A 2022 study on voluntary tax compliance in Ghana showed that about half of businesses, policymakers and implementers, academics, and Civil Society Organisations (CSOs) were not meeting their tax obligations.
Article 174 of the 1992 Constitution of Ghana has a legal imposition for businesses and individuals to file their returns and pay tax timely and accurately, therefore, defaulting or non-compliance with the tax laws amounts to an offence punishable by law.
However, enquiry on reasons that accounted for the non-compliance, 42.1 per cent of the taxpayers said that their non-compliance was mostly because of the “harsh economic conditions and mismanagement of tax revenues.”
Also, 23.9 per cent attributed poor business performance or low profits, while 16.1 per cent said that not benefiting from the taxes they paid forced them not to comply, the Ghana Integrity Initiative (GII) study showed.
Mr Benedict Doh, Finance Manager, GII, who presented the findings at a forum in Accra on Thursday said most of the respondents – 72.6 per cent – were not satisfied with how tax revenues were managed by the Government.
He noted that though the private sector was the backbone of Ghana’s economic growth, many businesses complained that the environment was not conducive to their operations.
He called on the Ministry of Finance, the Bank of Ghana (BoG) and the Economic Management Team to take immediate steps to resolve the current exchange rate depreciation, high inflation, and inflated cost of borrowing/interest rate, which were negatively impacting businesses.
Mr Doh also urged the Ghana Revenue Authority (GRA) to intensify its tax education programmes through market broadcasts to reach businesses in the informal sector.
There should be training workshops, radio, and television programmes for businesses in the formal sector, while the Government ensured fair and equitable distribution of developmental projects across the country.
Dr Alex Ampaabeng, Fiscal Policy Lead, Oxfam Ghana, reiterated the need for public education, noting that there must be informal sector-specific approaches to education and sensitisation to help in voluntary tax compliance.
The Tax Specialist also asked the GRA to develop a working relationship with religious leaders and develop clear communication and advocacy measures to increase awareness and voluntary tax compliance.
Mr William Demetia, Director, Areta Solicitors, underscored the need for accountability on the part of the Government and explained that specifying the exact things that each tax handle would be used for would encourage tax compliance.
Responding to the findings, Mr Kwesi Eghan, Deputy Commissioner for Operations at the GRA, said that the Authority was pursuing a vigorous digitalisation agenda to encourage electronic payment of taxes.

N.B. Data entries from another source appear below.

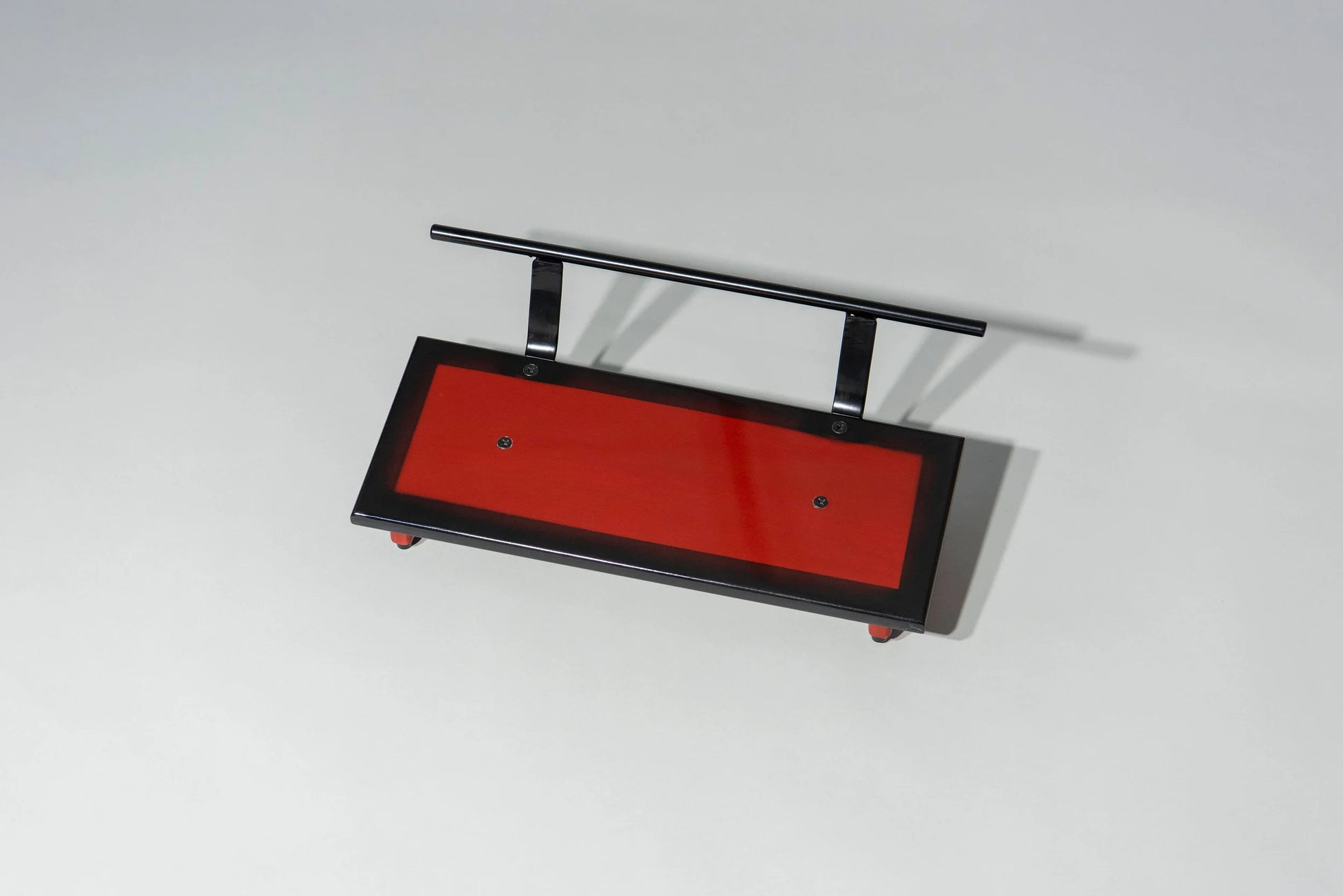 An 8” deep Hard Maple slanted pedal board in a Black Cherry Burst high gloss Acrylic Urethane finish with a 1/2” Round Gloss Black powder coated handle. This is a great feature for carrying in and out of gigs!
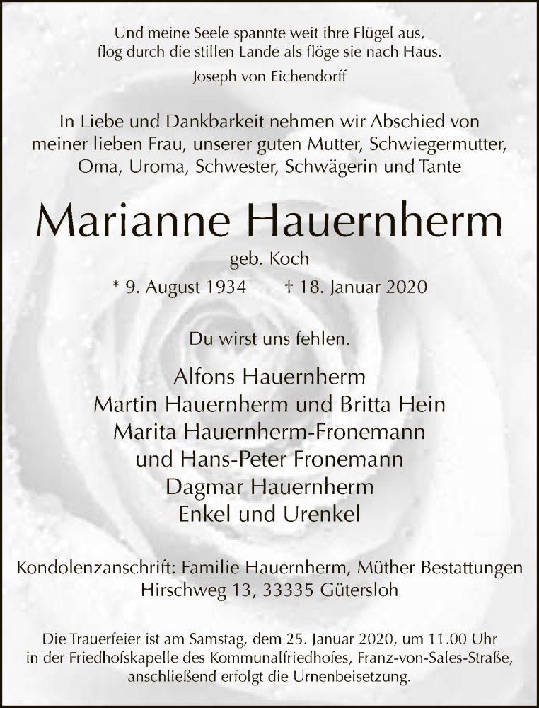 Hier finden Sie alle Traueranzeigen aus der Zeitung, die bisher für Marianne Hauernherm erschienen sind. Weitere Traueranzeigen, die in der Zeitung erscheinen, werden hier ebenfalls aufgelistet
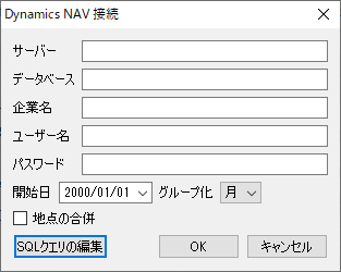 1. メニューのファイル > 新規 > Dynamics NAV 接続を選択します。Dynamics NAV 接続ダイアログが開きます(下記の図を参照)。
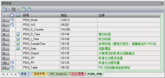 做完PID向导后可在符号表中,查看PID向导所生成的符号表(上例中为PID0_SYM),可看到各参数所用的详细地址,及数值范围。
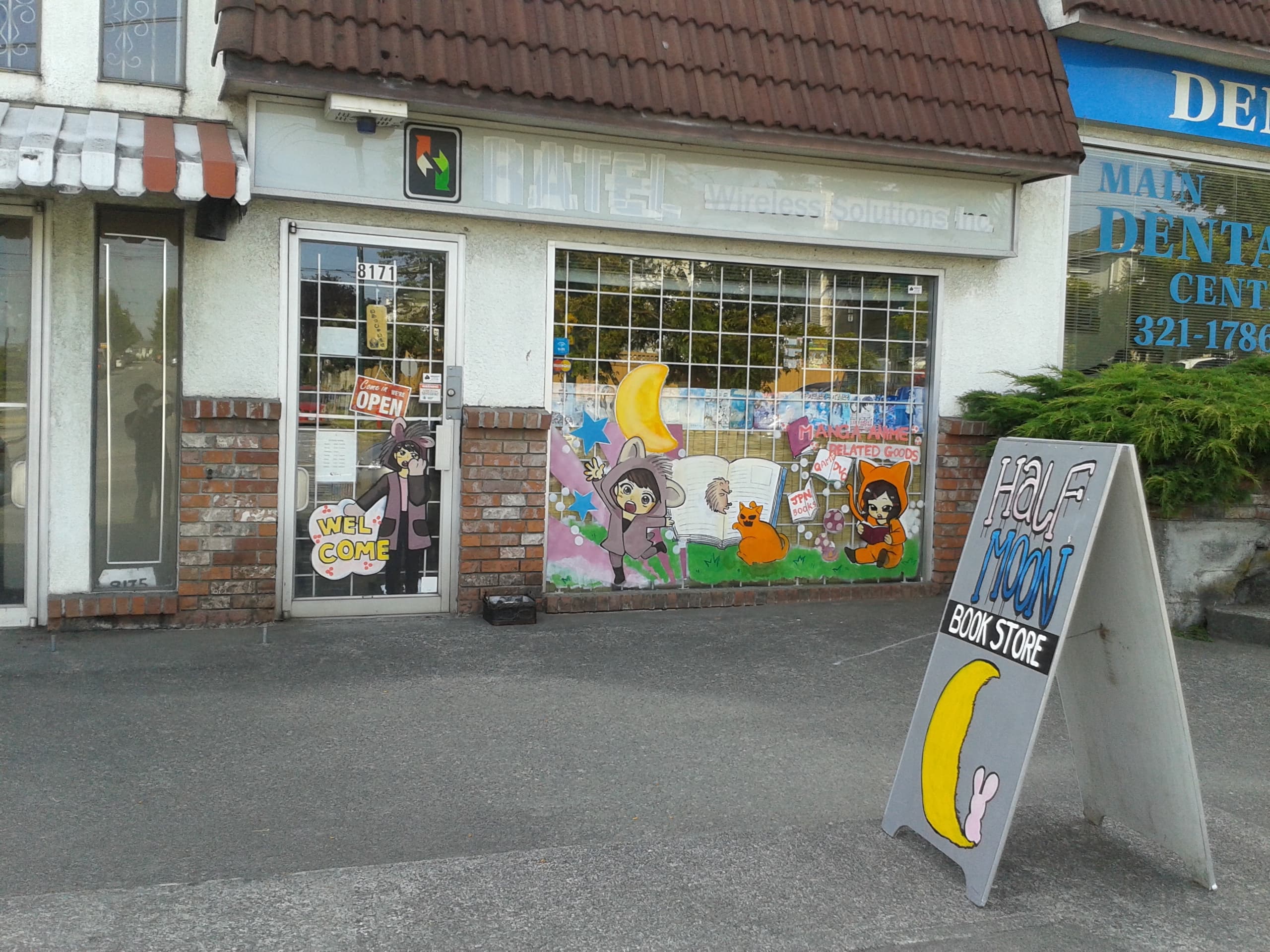 Half Moon is a store in the southern area of Vancouver. The store sells manga, anime, various types of anime merchandise, and other Japanese movies. Some of the merchandise is imported from Japan.

He said a digital platform for the registration of non-resident e-commerce businesses had been adopted to enable GRA to expand its operations, with an electronic invoicing system being introduced from October 1, all to increase tax compliance.
Mr Eghan also said the Authority regularly educated its staff on the Institute’s code of ethics to achieve its revenue mobilisation targets, strengthen tax compliance enforcement and fight against corruption.